* [YOUR TASK] Please reproduce all the data exactly as written and omit the pictures.

* [THE DATA]
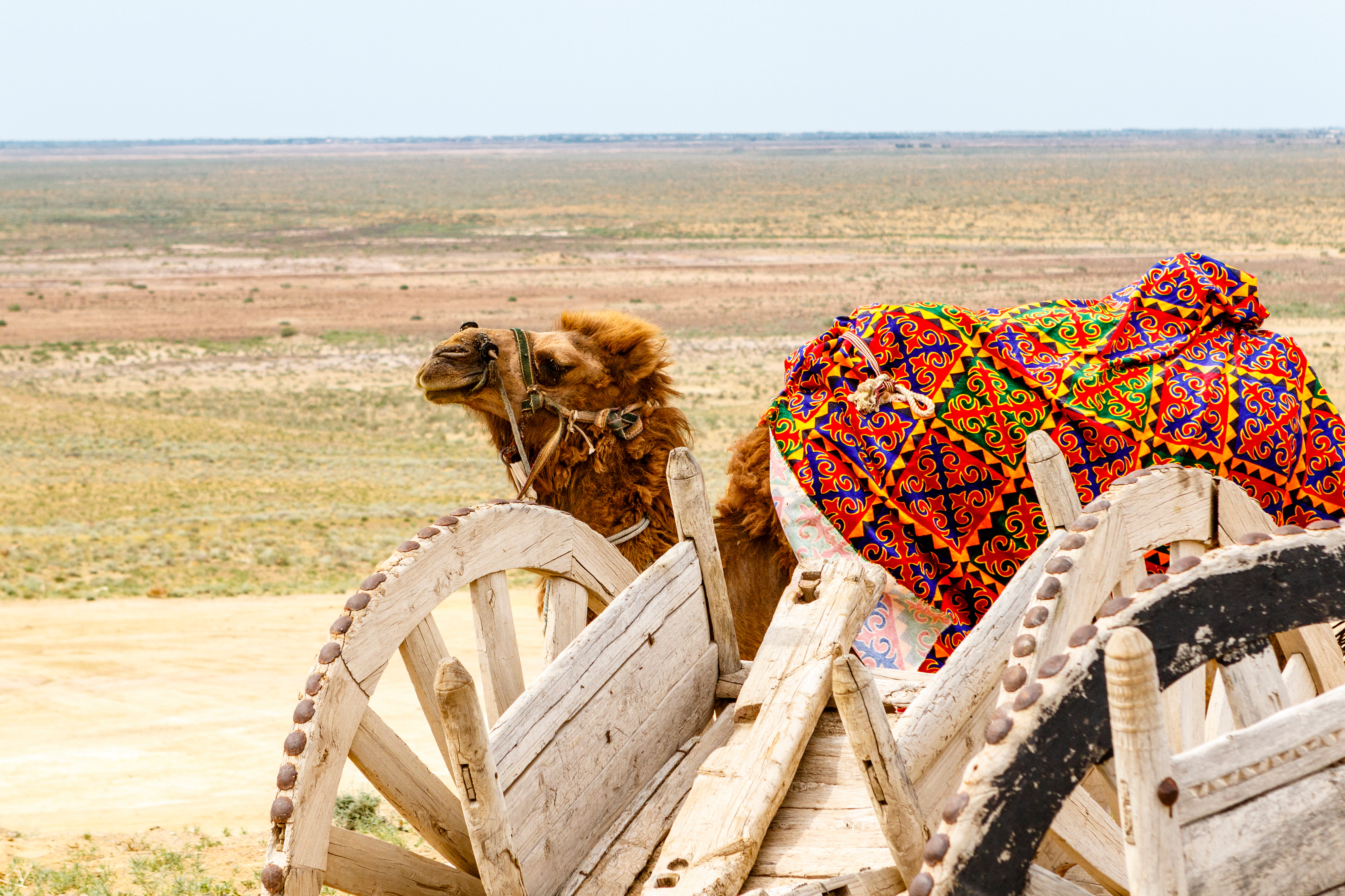 Départ en bus pour les grands espaces du Kyzil-Koum, le désert Rouge en longeant la vallée de l'Amou Daria, pour rejoindre Khiva (450 kms).
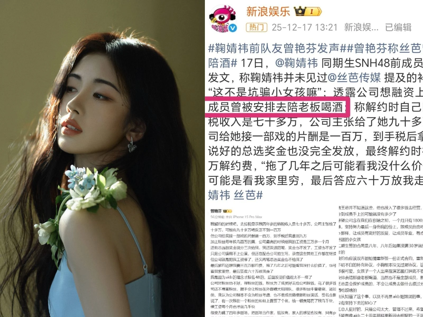 Tensions escalated when Zeng Yanfen, a former member of SNH48, unexpectedly spoke out in support of Ju Jingyi, simultaneously making shocking accusations about the operations of Siba Media. According to Zeng Yanfen, the company frequently forced members, including young children, to participate in private parties, karaoke sessions, and meals with "senior executives." There, the young women endured crude jokes and inappropriate physical contact under the guise of "business networking."
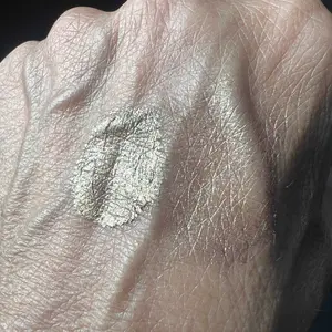 I got this in the shade "Olive", and it is a lovely and slightly unique neutral sort of color, which can either be worn in a heavier and more metallic layer or sheared out to a pretty glimmering layer. It has finer sparkle rather than chunky glitters,
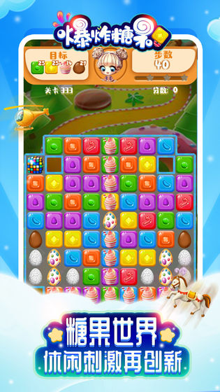 1.移动甜美的糖果,让三个一样的糖果在一条直线上,就可以收集和粉碎它们。
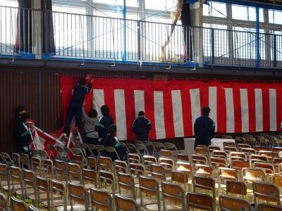 学校の様子から 投稿: 美原中承認者 (20:00) 今日、3年生は最後の給食です。卒業お祝い献立ということで、赤飯や唐揚げ、お祝いすまし汁、味噌和え、お祝いケーキが出ました。 午後は、1,2年生で、卒業式の会場づくりをしました。一生懸命に準備を進めてくれました。
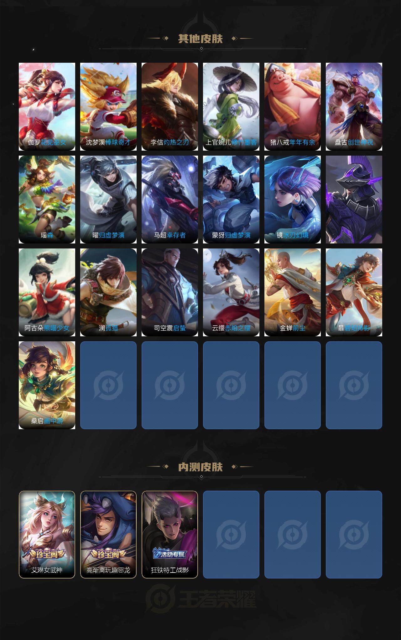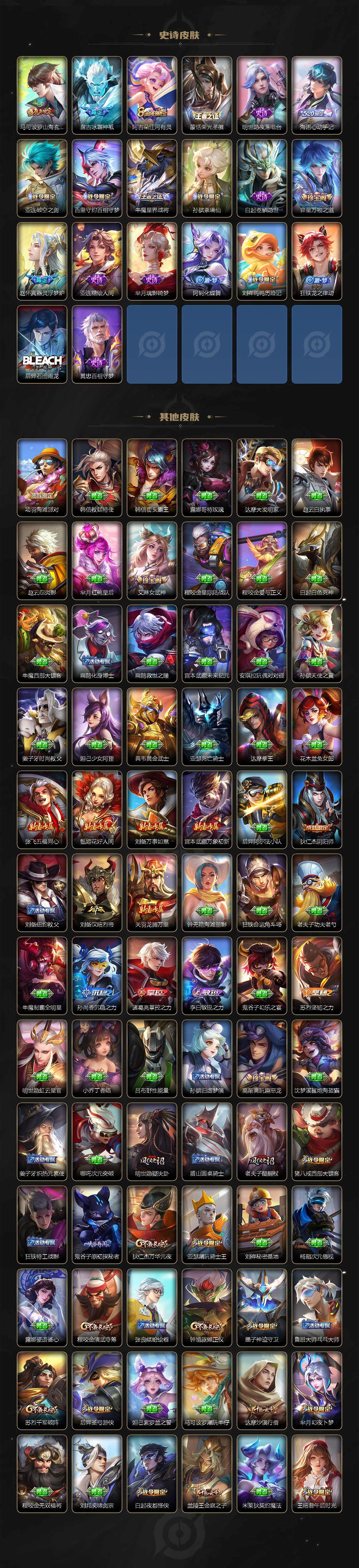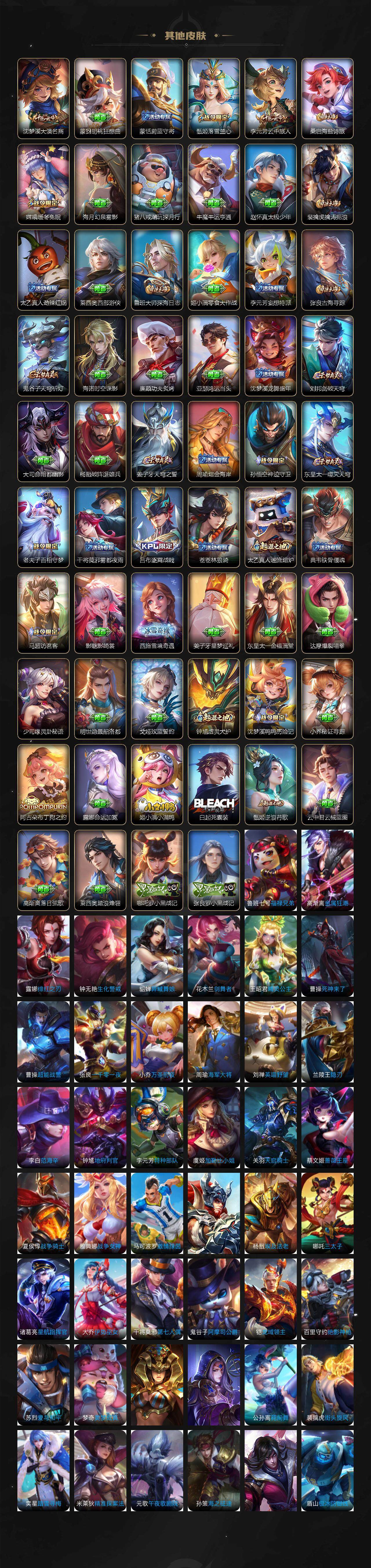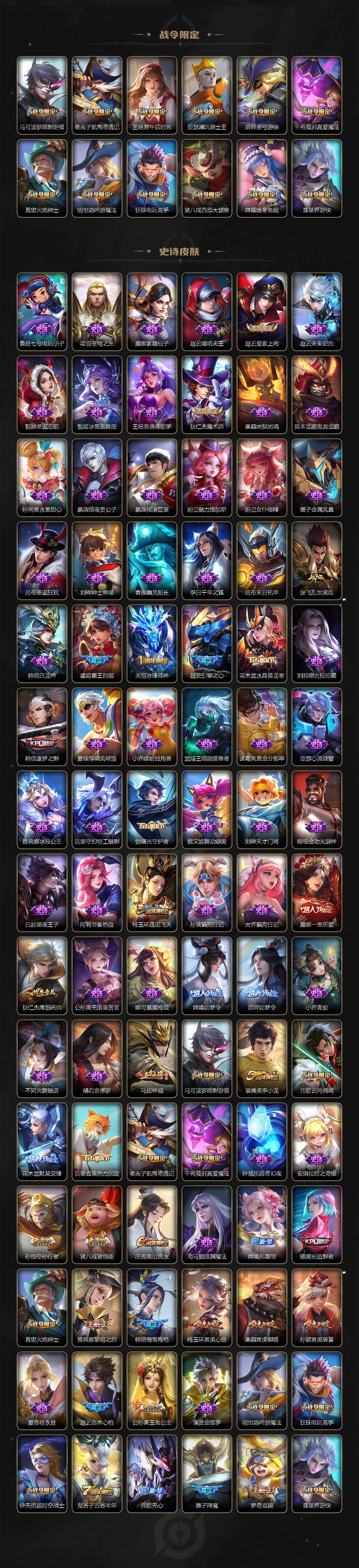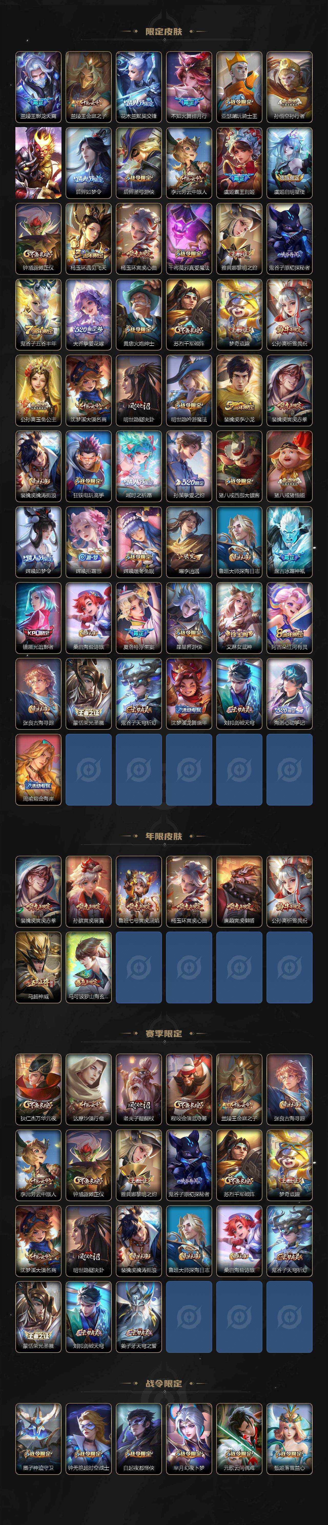 【限定皮肤】:姜子牙天穹之誓,杨戬破阵退雄兵,狄仁杰阴阳师,廉颇寅虎御盾,赵云皇家上将,赵云引擎之心,赵云百木心枪,墨子神迹守卫,墨子降魔,孙尚香异界灵契,鲁班七号寅虎瑞焰,庄周高山流水,高渐离玩趣恶龙,钟无艳超时空战士,孙膑寅虎展翼,白起夜都怪侠,芈月幻夜卜梦,元歌云间偶戏,元歌无心,甄姬落雪兰心,马可波罗暗影游猎,马可波罗山海玄木吟,狄仁杰魔术师,狄仁杰万华元夜,达摩沙漠行僧,项羽海滩派对,老夫子醍醐杖,老夫子航海奇遇记,关羽冰锋战神,貂蝉遇见胡旋,程咬金演武夺筹,露娜一生所爱,露娜启示之音,韩信逐梦之影,韩信傲雪梅枪,王昭君午后时光,兰陵王影龙天霄,兰陵王金庭之子,花木兰默契交锋,不知火舞绯月行,亚瑟潮玩骑士王,孙悟空孙行者,孙悟空齐天大圣,后羿如梦令,后羿圣弓游侠,李元芳云中旅人,虞姬霸王别姬,虞姬启明星使,钟馗驱傩正仪,杨玉环遇见飞天,杨玉环寅虎心曲,干将莫邪真爱魔法,雅典娜黎明之约,鬼谷子原初探秘者,鬼谷子五谷丰年,大乔挚爱花嫁,黄忠火炮绅士,苏烈千军破阵,梦奇顽趣,公孙离祈雪灵祝,公孙离玉兔公主,沈梦溪大漠名商,明世隐疑决卦,明世隐吟游魔法,裴擒虎李小龙,裴擒虎寅虎赤拳,裴
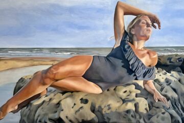 IN Emilia Momen’s new paintings, no one performs. Bodies stretch, recline, wander; they pause by the water or drift in its shallows, absorbed not in how they are seen, but in how they feel.
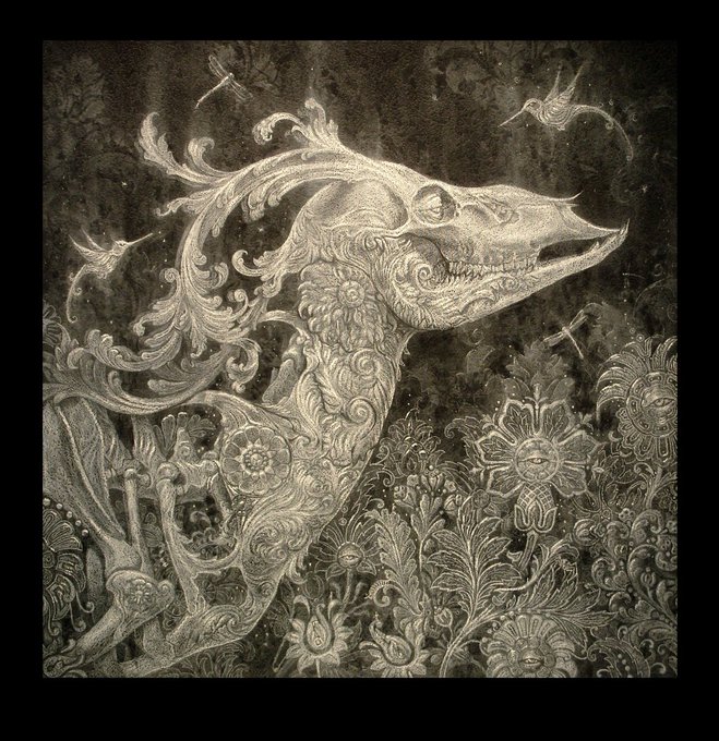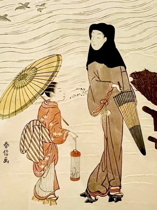 紙に凹凸をつける「きだめし」の摺り技法で降り積もった雪の畝を表現した春信の作品に対し、美蘭の作品は降りしきる雪…のような口からの飛沫がエンボス加工されていて、コロナ禍の現代に思いを致させる。

* [RESULT BELOW]
 Départ en bus pour les grands espaces du Kyzil-Koum, le désert Rouge en longeant la vallée de l'Amou Daria, pour rejoindre Khiva (450 kms).
 Tensions escalated when Zeng Yanfen, a former member of SNH48, unexpectedly spoke out in support of Ju Jingyi, simultaneously making shocking accusations about the operations of Siba Media. According to Zeng Yanfen, the company frequently forced members, including young children, to participate in private parties, karaoke sessions, and meals with "senior executives." There, the young women endured crude jokes and inappropriate physical contact under the guise of "business networking."
 I got this in the shade "Olive", and it is a lovely and slightly unique neutral sort of color, which can either be worn in a heavier and more metallic layer or sheared out to a pretty glimmering layer. It has finer sparkle rather than chunky glitters,
 1.移动甜美的糖果,让三个一样的糖果在一条直线上,就可以收集和粉碎它们。
 学校の様子から 投稿: 美原中承認者 (20:00) 今日、3年生は最後の給食です。卒業お祝い献立ということで、赤飯や唐揚げ、お祝いすまし汁、味噌和え、お祝いケーキが出ました。 午後は、1,2年生で、卒業式の会場づくりをしました。一生懸命に準備を進めてくれました。
 【限定皮肤】:姜子牙天穹之誓,杨戬破阵退雄兵,狄仁杰阴阳师,廉颇寅虎御盾,赵云皇家上将,赵云引擎之心,赵云百木心枪,墨子神迹守卫,墨子降魔,孙尚香异界灵契,鲁班七号寅虎瑞焰,庄周高山流水,高渐离玩趣恶龙,钟无艳超时空战士,孙膑寅虎展翼,白起夜都怪侠,芈月幻夜卜梦,元歌云间偶戏,元歌无心,甄姬落雪兰心,马可波罗暗影游猎,马可波罗山海玄木吟,狄仁杰魔术师,狄仁杰万华元夜,达摩沙漠行僧,项羽海滩派对,老夫子醍醐杖,老夫子航海奇遇记,关羽冰锋战神,貂蝉遇见胡旋,程咬金演武夺筹,露娜一生所爱,露娜启示之音,韩信逐梦之影,韩信傲雪梅枪,王昭君午后时光,兰陵王影龙天霄,兰陵王金庭之子,花木兰默契交锋,不知火舞绯月行,亚瑟潮玩骑士王,孙悟空孙行者,孙悟空齐天大圣,后羿如梦令,后羿圣弓游侠,李元芳云中旅人,虞姬霸王别姬,虞姬启明星使,钟馗驱傩正仪,杨玉环遇见飞天,杨玉环寅虎心曲,干将莫邪真爱魔法,雅典娜黎明之约,鬼谷子原初探秘者,鬼谷子五谷丰年,大乔挚爱花嫁,黄忠火炮绅士,苏烈千军破阵,梦奇顽趣,公孙离祈雪灵祝,公孙离玉兔公主,沈梦溪大漠名商,明世隐疑决卦,明世隐吟游魔法,裴擒虎李小龙,裴擒虎寅虎赤拳,裴
 IN Emilia Momen’s new paintings, no one performs. Bodies stretch, recline, wander; they pause by the water or drift in its shallows, absorbed not in how they are seen, but in how they feel.
 紙に凹凸をつける「きだめし」の摺り技法で降り積もった雪の畝を表現した春信の作品に対し、美蘭の作品は降りしきる雪…のような口からの飛沫がエンボス加工されていて、コロナ禍の現代に思いを致させる。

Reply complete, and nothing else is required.